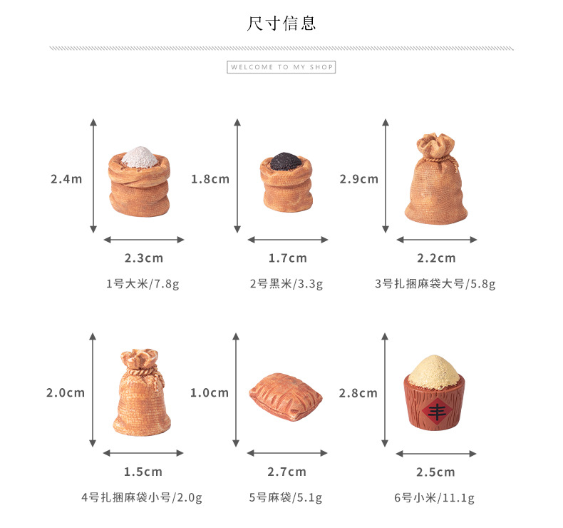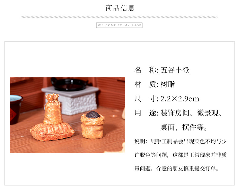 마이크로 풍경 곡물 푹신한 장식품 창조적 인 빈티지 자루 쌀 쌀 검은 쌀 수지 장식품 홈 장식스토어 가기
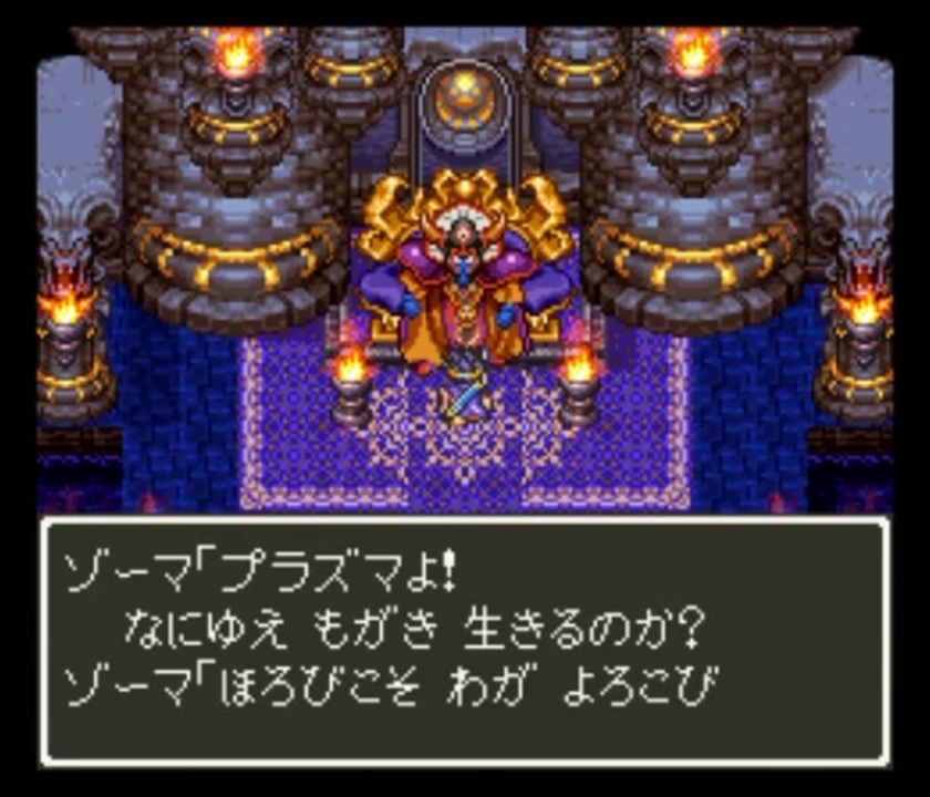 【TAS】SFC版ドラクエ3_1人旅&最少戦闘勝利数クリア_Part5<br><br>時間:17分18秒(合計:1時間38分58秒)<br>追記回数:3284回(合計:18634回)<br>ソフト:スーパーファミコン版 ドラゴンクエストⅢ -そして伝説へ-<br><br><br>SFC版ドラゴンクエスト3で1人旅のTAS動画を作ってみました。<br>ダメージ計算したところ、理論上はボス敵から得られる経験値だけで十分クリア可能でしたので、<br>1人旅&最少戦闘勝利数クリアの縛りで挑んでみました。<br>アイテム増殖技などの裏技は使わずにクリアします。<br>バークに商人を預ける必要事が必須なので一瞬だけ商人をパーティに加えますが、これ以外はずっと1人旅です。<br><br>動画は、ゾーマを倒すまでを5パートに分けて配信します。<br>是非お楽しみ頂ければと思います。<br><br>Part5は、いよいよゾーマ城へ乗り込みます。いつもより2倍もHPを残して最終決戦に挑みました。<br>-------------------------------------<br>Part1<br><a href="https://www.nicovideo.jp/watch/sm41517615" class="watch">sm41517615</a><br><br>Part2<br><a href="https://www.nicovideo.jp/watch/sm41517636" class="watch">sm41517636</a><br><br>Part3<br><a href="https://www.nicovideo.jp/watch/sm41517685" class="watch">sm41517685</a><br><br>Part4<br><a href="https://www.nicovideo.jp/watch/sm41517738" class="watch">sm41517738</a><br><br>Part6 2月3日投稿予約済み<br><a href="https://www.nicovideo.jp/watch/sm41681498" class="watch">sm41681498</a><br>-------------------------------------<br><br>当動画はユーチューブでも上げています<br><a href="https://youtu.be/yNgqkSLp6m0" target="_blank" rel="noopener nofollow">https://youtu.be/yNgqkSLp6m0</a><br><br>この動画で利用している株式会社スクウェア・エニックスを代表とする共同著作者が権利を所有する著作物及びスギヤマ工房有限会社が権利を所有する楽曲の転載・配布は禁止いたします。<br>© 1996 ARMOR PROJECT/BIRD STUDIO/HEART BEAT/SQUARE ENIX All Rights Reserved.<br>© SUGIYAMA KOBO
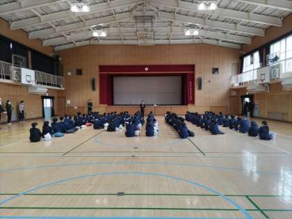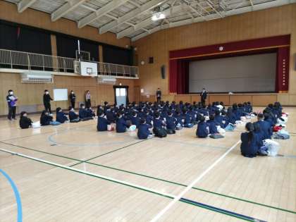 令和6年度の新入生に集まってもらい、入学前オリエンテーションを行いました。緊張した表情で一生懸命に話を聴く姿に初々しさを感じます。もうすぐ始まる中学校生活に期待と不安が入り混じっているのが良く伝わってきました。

**What you have to do**.
The reply must consist of the complete listing, reproduced exactly, with no images.

**Task solution**.
 마이크로 풍경 곡물 푹신한 장식품 창조적 인 빈티지 자루 쌀 쌀 검은 쌀 수지 장식품 홈 장식스토어 가기
 【TAS】SFC版ドラクエ3_1人旅&最少戦闘勝利数クリア_Part5<br><br>時間:17分18秒(合計:1時間38分58秒)<br>追記回数:3284回(合計:18634回)<br>ソフト:スーパーファミコン版 ドラゴンクエストⅢ -そして伝説へ-<br><br><br>SFC版ドラゴンクエスト3で1人旅のTAS動画を作ってみました。<br>ダメージ計算したところ、理論上はボス敵から得られる経験値だけで十分クリア可能でしたので、<br>1人旅&最少戦闘勝利数クリアの縛りで挑んでみました。<br>アイテム増殖技などの裏技は使わずにクリアします。<br>バークに商人を預ける必要事が必須なので一瞬だけ商人をパーティに加えますが、これ以外はずっと1人旅です。<br><br>動画は、ゾーマを倒すまでを5パートに分けて配信します。<br>是非お楽しみ頂ければと思います。<br><br>Part5は、いよいよゾーマ城へ乗り込みます。いつもより2倍もHPを残して最終決戦に挑みました。<br>-------------------------------------<br>Part1<br><a href="https://www.nicovideo.jp/watch/sm41517615" class="watch">sm41517615</a><br><br>Part2<br><a href="https://www.nicovideo.jp/watch/sm41517636" class="watch">sm41517636</a><br><br>Part3<br><a href="https://www.nicovideo.jp/watch/sm41517685" class="watch">sm41517685</a><br><br>Part4<br><a href="https://www.nicovideo.jp/watch/sm41517738" class="watch">sm41517738</a><br><br>Part6 2月3日投稿予約済み<br><a href="https://www.nicovideo.jp/watch/sm41681498" class="watch">sm41681498</a><br>-------------------------------------<br><br>当動画はユーチューブでも上げています<br><a href="https://youtu.be/yNgqkSLp6m0" target="_blank" rel="noopener nofollow">https://youtu.be/yNgqkSLp6m0</a><br><br>この動画で利用している株式会社スクウェア・エニックスを代表とする共同著作者が権利を所有する著作物及びスギヤマ工房有限会社が権利を所有する楽曲の転載・配布は禁止いたします。<br>© 1996 ARMOR PROJECT/BIRD STUDIO/HEART BEAT/SQUARE ENIX All Rights Reserved.<br>© SUGIYAMA KOBO
 令和6年度の新入生に集まってもらい、入学前オリエンテーションを行いました。緊張した表情で一生懸命に話を聴く姿に初々しさを感じます。もうすぐ始まる中学校生活に期待と不安が入り混じっているのが良く伝わってきました。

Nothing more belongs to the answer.